1) Let \alpha_{1},...,\alpha_{n} be all the roots of some P(x)\in k(x), then for every Q(x_{1},...,x_{n})\in k(x_{1},...,x_{n}) there is a permutation \pi of \alpha_{1},...,\alpha_{n} such that Q(\alpha_{\pi(1)},....,\alpha_{\pi(n)})\in \mathbb{K}. (beacuse the set of all such posible expressions (n!) are the roots of some polynomial \in k(x)). But for every permutation \pi the set of polynomials Q\in k(x_{1},...,x_{n}) such that Q(\alpha_{\pi(1)},....,\alpha_{\pi(n)})\in \mathbb{K} is a linear subspace of k(x_{1},...,x_{n}) as a k- vector space (of infinite dimension). But the a finite union of subspaces can´t be the whole space. So one of them must be all k(x_{1},...,x_{n}), ie, there exist \pi such that Q(\alpha_{\pi(1)},....,\alpha_{\pi(n)})\in \mathbb{K}, in particular if Q=x_{1}, x_{2},...,x_{n} it gives that \alpha_{1},....,\alpha_{n}\in k.

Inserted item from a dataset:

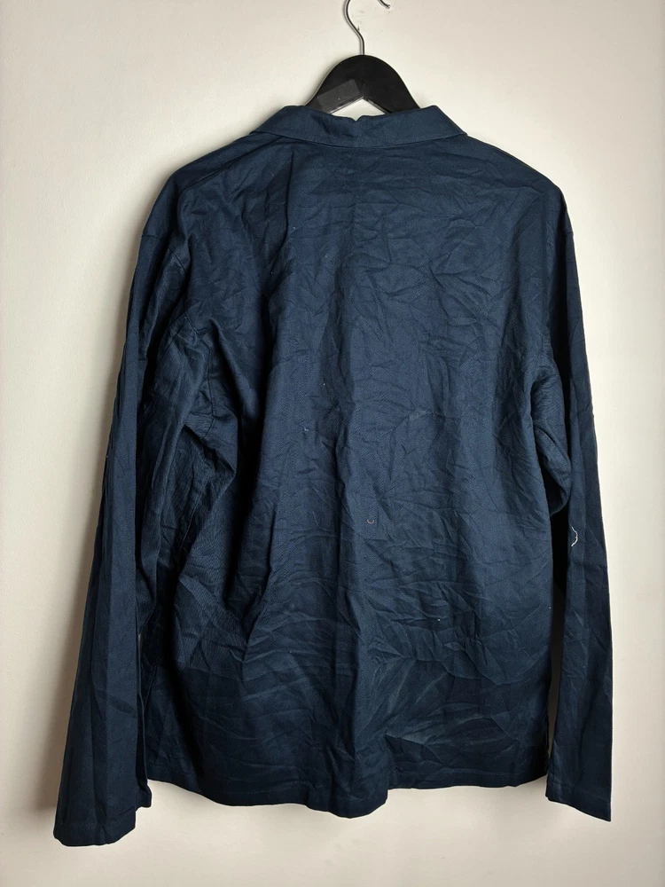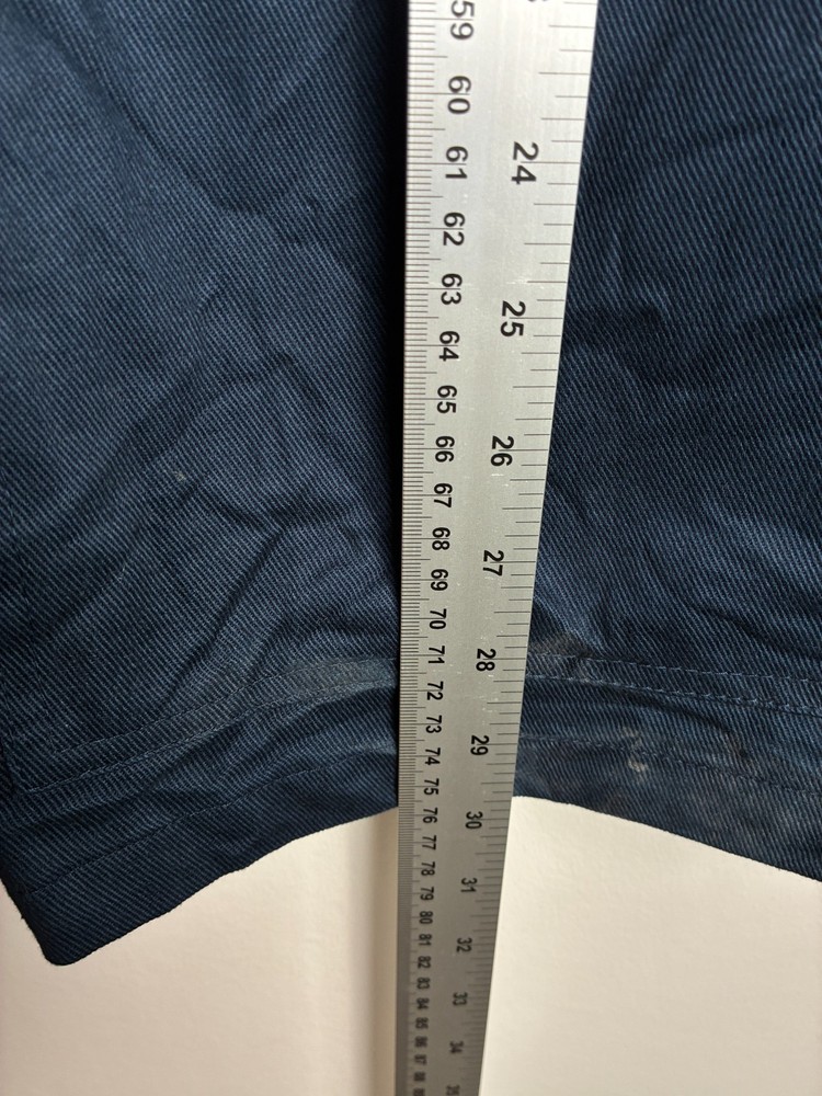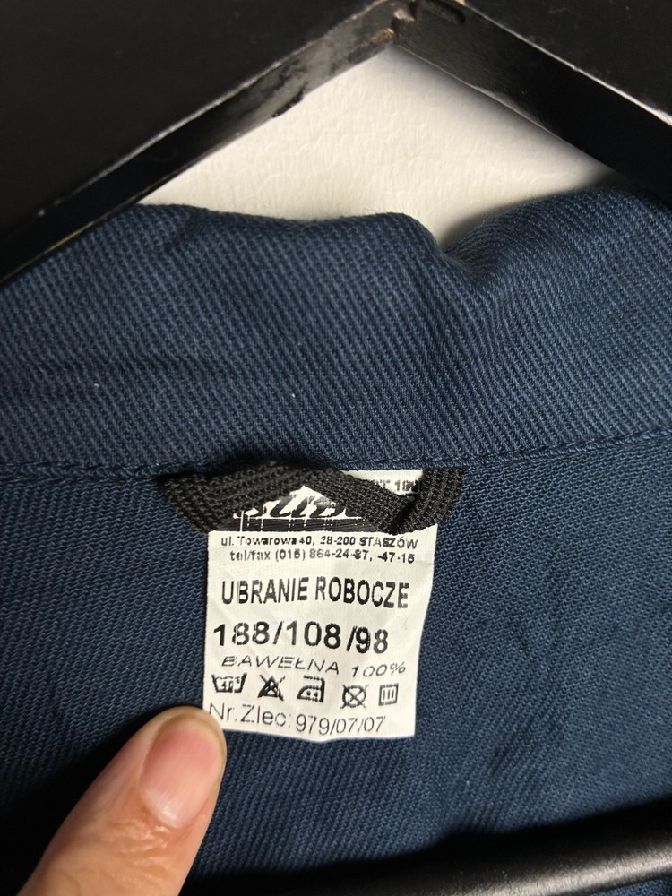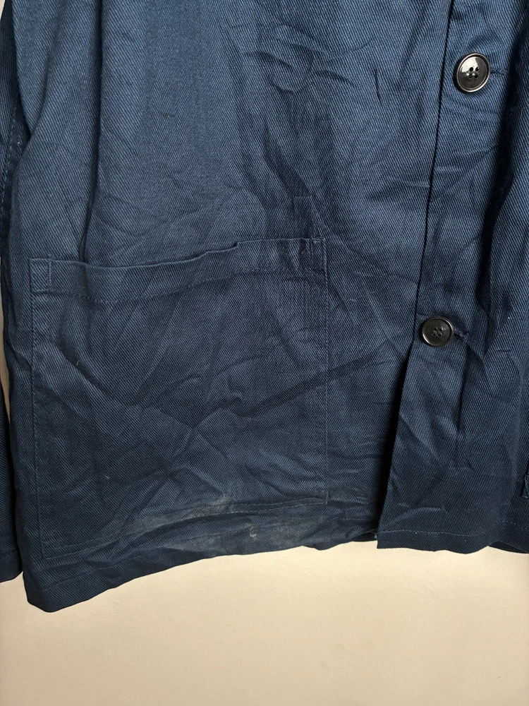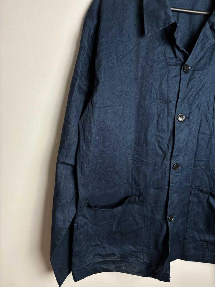 Vintage Workwear Chore Jacket Navy 100% Cotton Twill Button Up Utility “Very good condition overall with light cosmetic marks consistent with normal use, no rips or tears.” 100% cotton twill fabric (labelled BAWELNA 100% ) Classic workwear / chore jacket style with a worn, washed finish Plain design with no visible branding or graphics Button-up front with three practical patch pockets Light marks and signs of wear to lower hem and pocket areas as shown Approx measurements: Pit to pit 52–53cm, Length 70cm Please see photo's for best description and measurements Any questions, please ask.
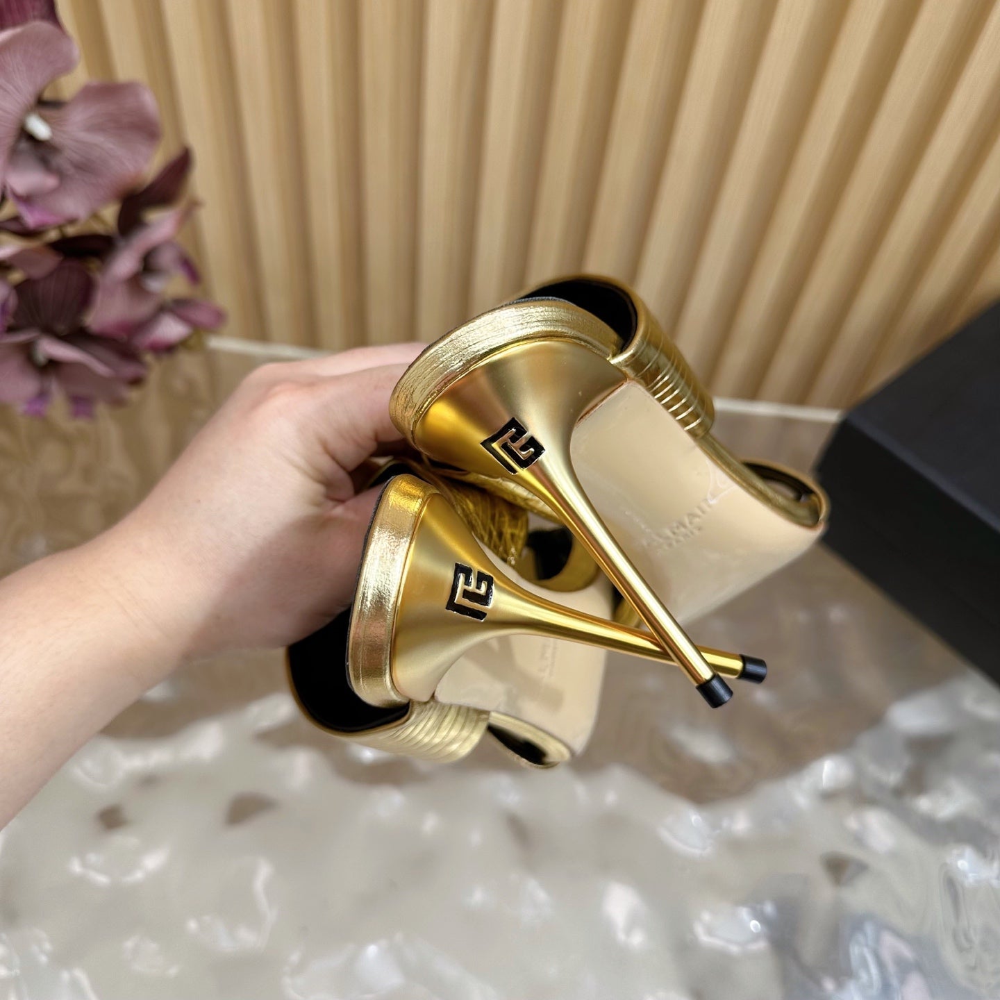 BALMAIN 25S MULES IN STRIPED LEATHER 95MM IN GOLD CALFSKIN

2) There is another solution, maybe cleaner by noteing that any simple normal extension of k must be contained in \mathbb{K} (since some conjugate of the generator is), in particular the splitting fields are such kind of extensions if char k=0 (primitive element theorem). So every irreducible polynomial \in \mathbb{K}(x) with coefficients in k must be purely inseparable, but in this case it trivially splits over \mathbb{K} beacuse there is only one root.


I couldnt prove or disprove the following question ¿Is the problem still true if instead of a root in \mathbb{K} we only ask that any polynomial in k(x) have some nontrivial factorization in \mathbb{K}?

¿Any ideas?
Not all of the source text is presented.